__WHAT YOU WILL DO__
Print the entire listing below word for word, excluding its pictures.

__SUPPLIED MATERIAL__

┏━━

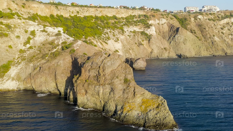 Кримская пещера Дианы - достопримечательность, расположенная в одном из шпоров Фиолента - мыс Лермонтов, вид с воздуха
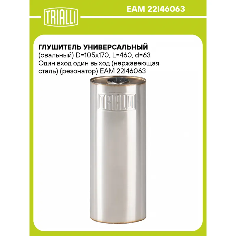 Глушитель универсальный (овальный) D=105x170, L=460, d=63 Один вход один выход (нержавеющая сталь) (резонатор) Характеристики: Артикул: EAM 22I46063 OEM номера: 22I46063 Особенности конструкции:: Набивка жаро-шумопоглощающая Гарантийный срок: 2 года/60 тыс. Количество на автомобиль: 1 Длина изделия (мм): 460 Форма изделия: Овал Диаметр корпуса D-1 (мм): 170 Диаметр корпуса D-2 (мм): 105 Диаметр трубы (мм): 63 Материал: Нержавеющая сталь AISI 201 Товарная линейка: BLACK Дополнительная информация: Этикетка изделия может отличаться от представленной на фото Комплектация: Глушитель универсальный (резонатор) - 1 шт Гарантия: от 1 года.
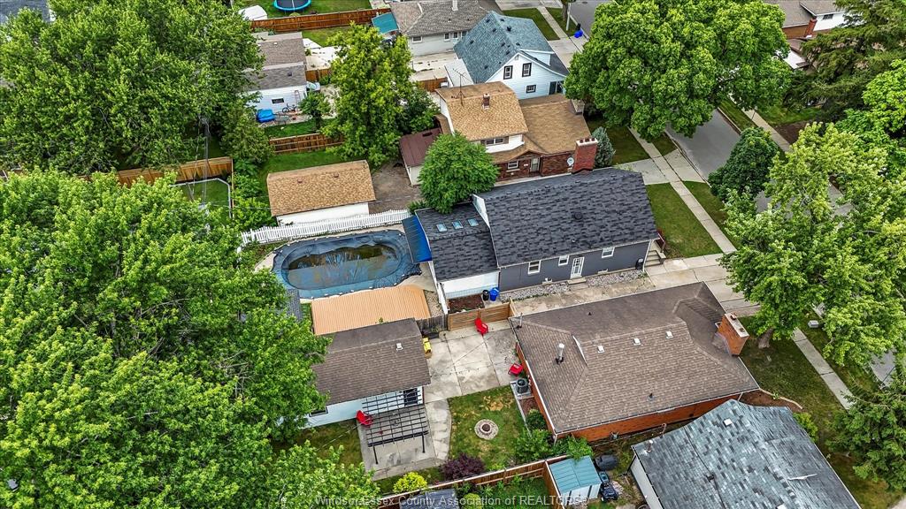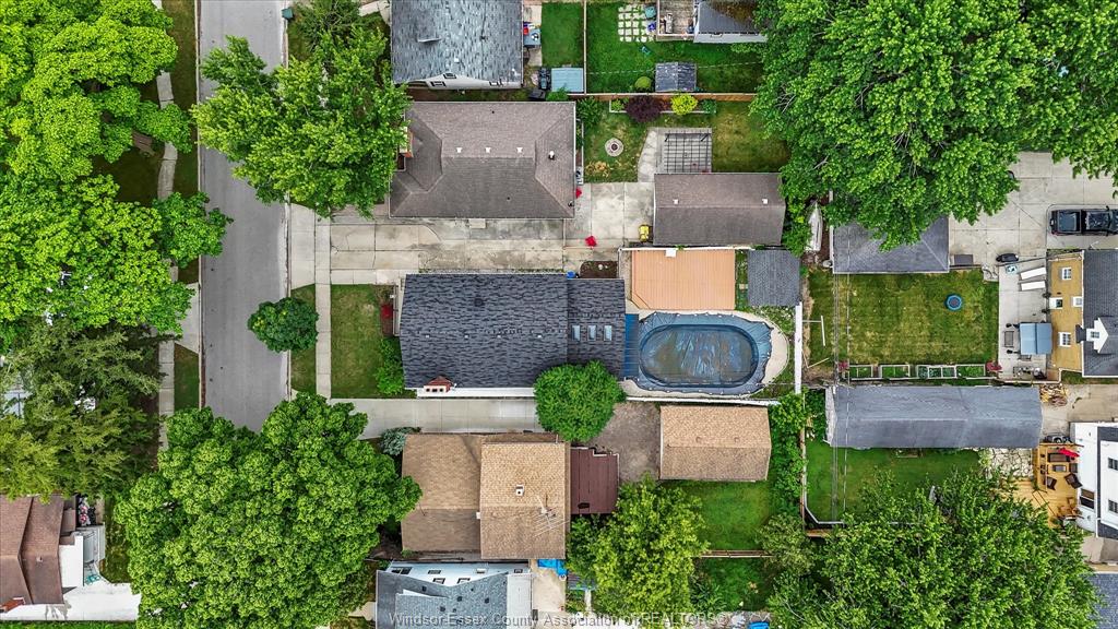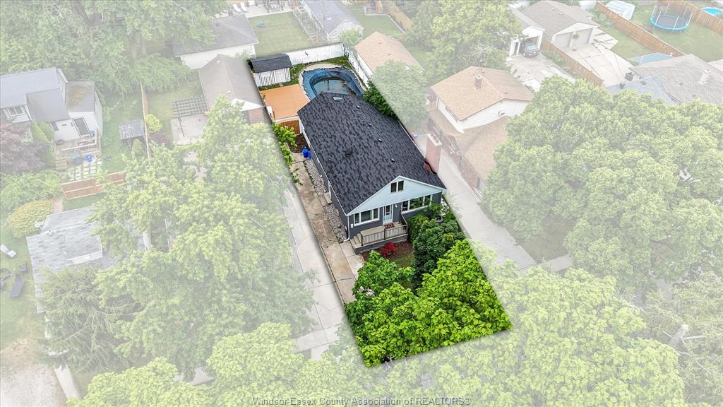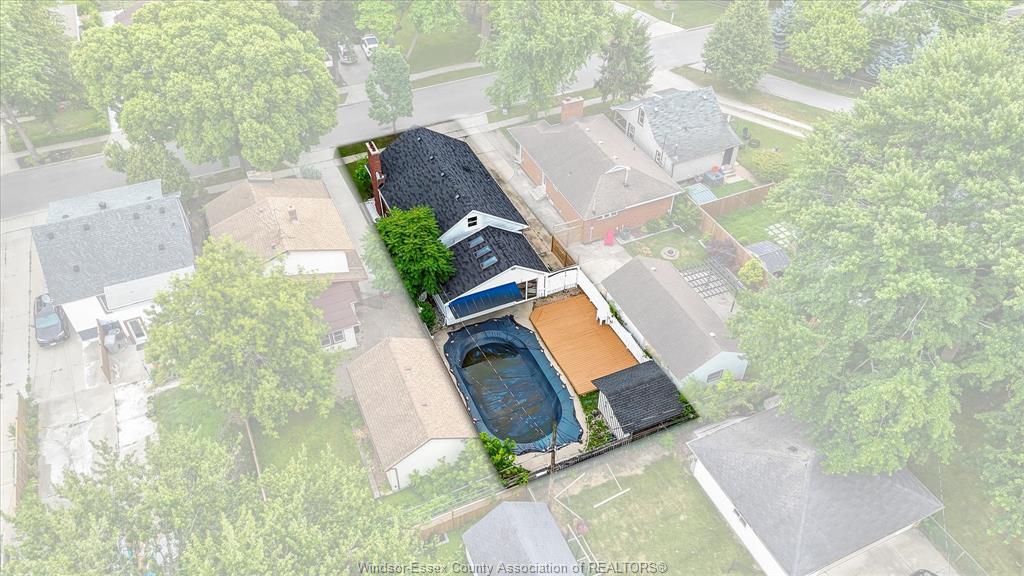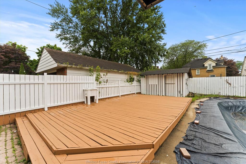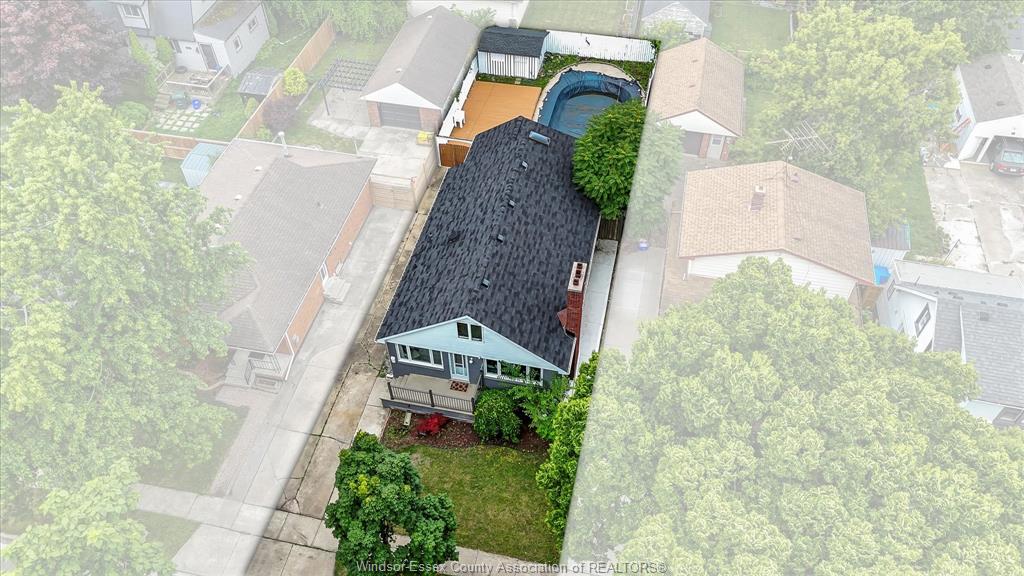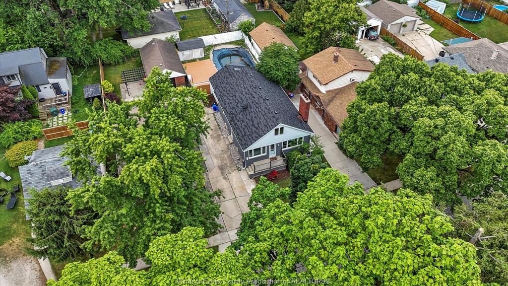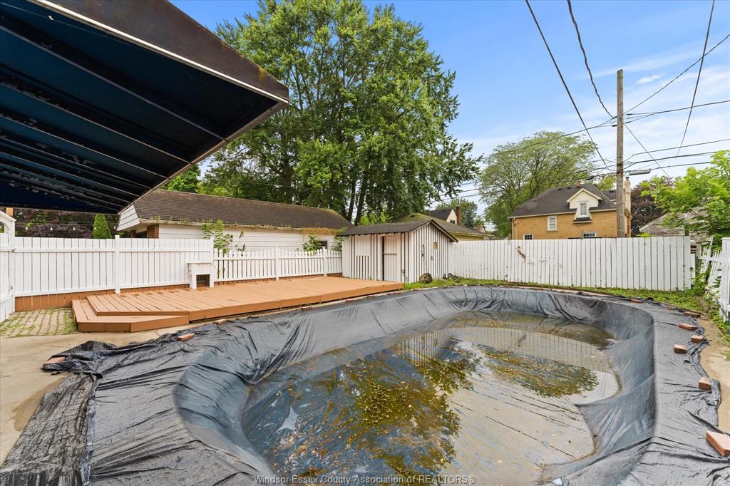 • Fenced backyard features an in-ground pool and pool house for summer fun.

┗━━

__WORKED SOLUTION__
 Кримская пещера Дианы - достопримечательность, расположенная в одном из шпоров Фиолента - мыс Лермонтов, вид с воздуха
 Глушитель универсальный (овальный) D=105x170, L=460, d=63 Один вход один выход (нержавеющая сталь) (резонатор) Характеристики: Артикул: EAM 22I46063 OEM номера: 22I46063 Особенности конструкции:: Набивка жаро-шумопоглощающая Гарантийный срок: 2 года/60 тыс. Количество на автомобиль: 1 Длина изделия (мм): 460 Форма изделия: Овал Диаметр корпуса D-1 (мм): 170 Диаметр корпуса D-2 (мм): 105 Диаметр трубы (мм): 63 Материал: Нержавеющая сталь AISI 201 Товарная линейка: BLACK Дополнительная информация: Этикетка изделия может отличаться от представленной на фото Комплектация: Глушитель универсальный (резонатор) - 1 шт Гарантия: от 1 года.
 • Fenced backyard features an in-ground pool and pool house for summer fun.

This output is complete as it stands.